| HN Mirror

I'm not an expert at hardware, so take this with a grain of salt, but there are two main reasons:

- Discrete optimisation is always going to be harder than continuous optimization. Learning the right sparsity mask is fundamentally a very discrete operation. So even just matching fully continuous dense models in optimization efficiency is likely to be difficult. Though perhaps we can get some hope from the fact that MoE is also similarly fundamentally discrete, and it works in practice (we can think of MoE as incurring some penalty from imperfect gating, which is more than offset by the systems benefits of not having to run all the experts on every forward pass). Also, the optimization problem gets harder when the backwards pass needs to be entirely sparsified computation (see appendix B).

- Dense matmuls are just fundamentally nicer to implement in hardware. Systolic arrays have nice predictable data flows that are very local. Sparse matmuls with the same number of flops nominally only need (up to a multiplicative factor) the same memory bandwidth as an equivalent dense matmul, but they need to be able to route data from any memory unit to any vector compute unit - the locality of dense matmuls means that the computation of each tile only requires a small slice of both input matrices, so we only need to load those slices into shared memory; on the other hand, because GPU-to-GPU transfers are way slower, when we op-shard matmuls, we replicate the data that is needed. Sparse matmuls would need either more replication within each compute die, or more all-to-all internal bandwidth. This means spending way more die space on huge crossbars and routing. This would cost a lot of die space, though thankfully, the crossbars consume much less power than actual compute, so perhaps this could match dense in energy efficiency and not make thermals worse.

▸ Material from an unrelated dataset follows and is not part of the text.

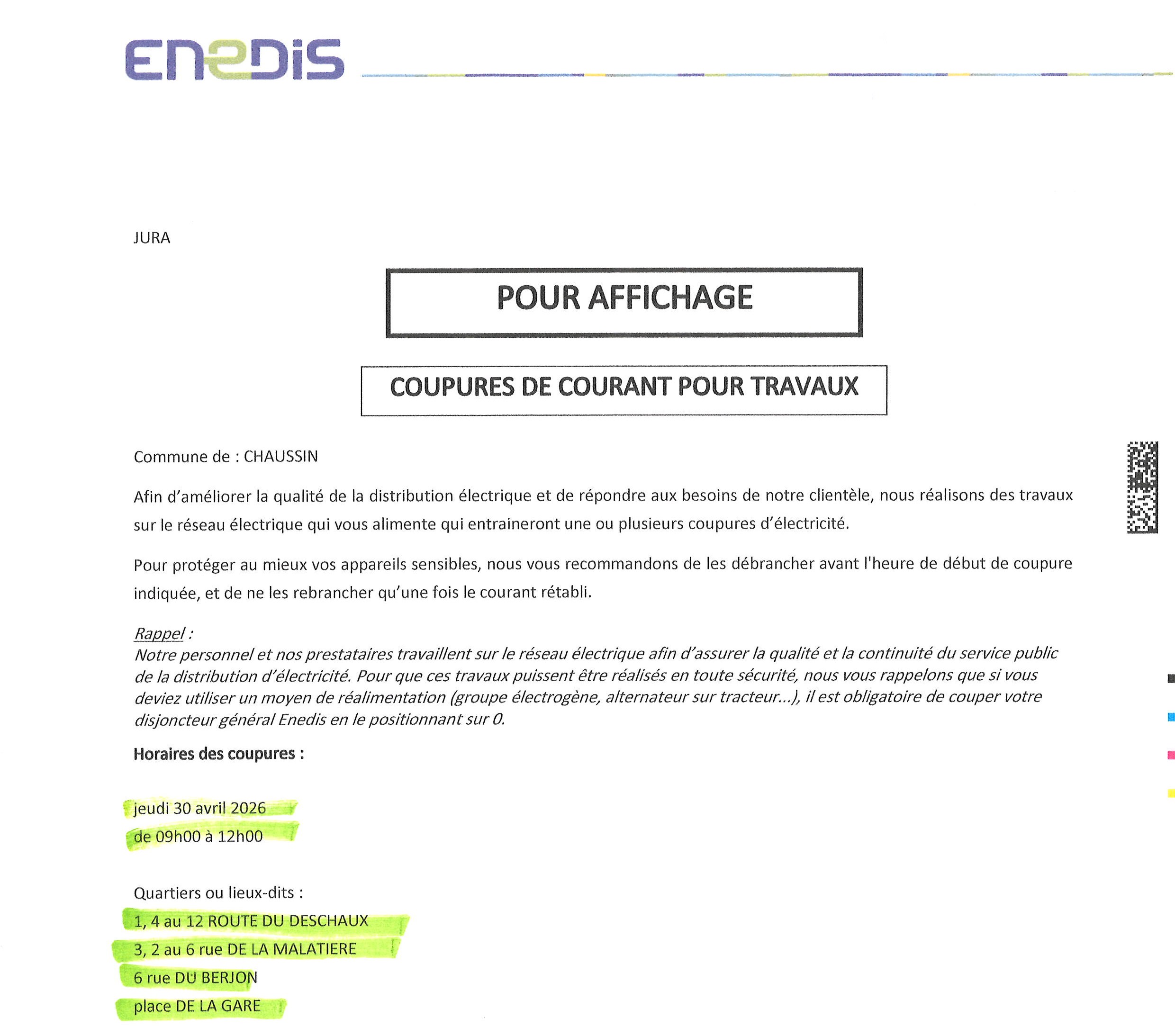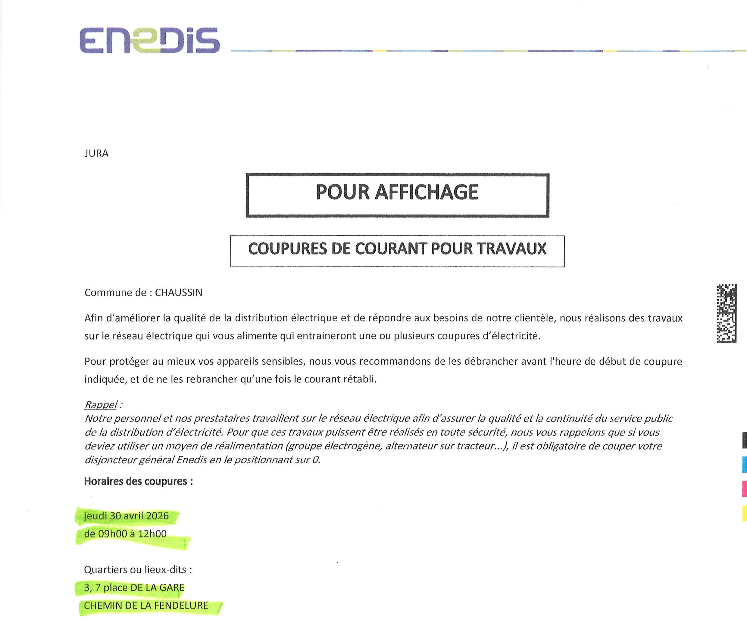 INFORMATION : Coupure d'électricité pour travaux le jeudi 30 avril 2026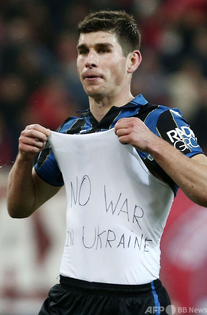 【2月25日 AFP】サッカーヨーロッパリーグ(UEFA Europa League 2021-22)は24日、決勝トーナメント・プレーオフ第2戦が各地で行われ、アタランタ(Atalanta)に所属するウクライナ代表MFのルスラン・マリノフスキー(Ruslan Malinovskyi)が、ゴール後に「No War in Ukraine(ウクライナに戦争はいらない)」と書かれたTシャツを見せる一幕があった。

It also seems very likely that once we create the interpretable GPT-1 (or 2, or 3) we will find that making everything unstructured sparse was overkill, and there are much more efficient pretraining constraints we can apply to models to 80/20 the interpretability. In general, a lot of my hope routes through learning things like this from the intermediate artifact (interpretable GPT-n).

To be clear, it doesn't seem literally impossible that with great effort, we could create custom hardware, and vastly improve the optimization algorithms, etc, such that weight-sparse models could be vaguely close in performance to weight-dense models. It's plausible that with better optimization the win from arbitrary connectivity patterns might offset the hardware difficulties, and I could be overlooking something that would make the cost less than I expect. But this would require immense effort and investment to merely match current models, so it seems quite unrealistic compared to learning something from interpretable GPT-3 that helps us understand GPT-5.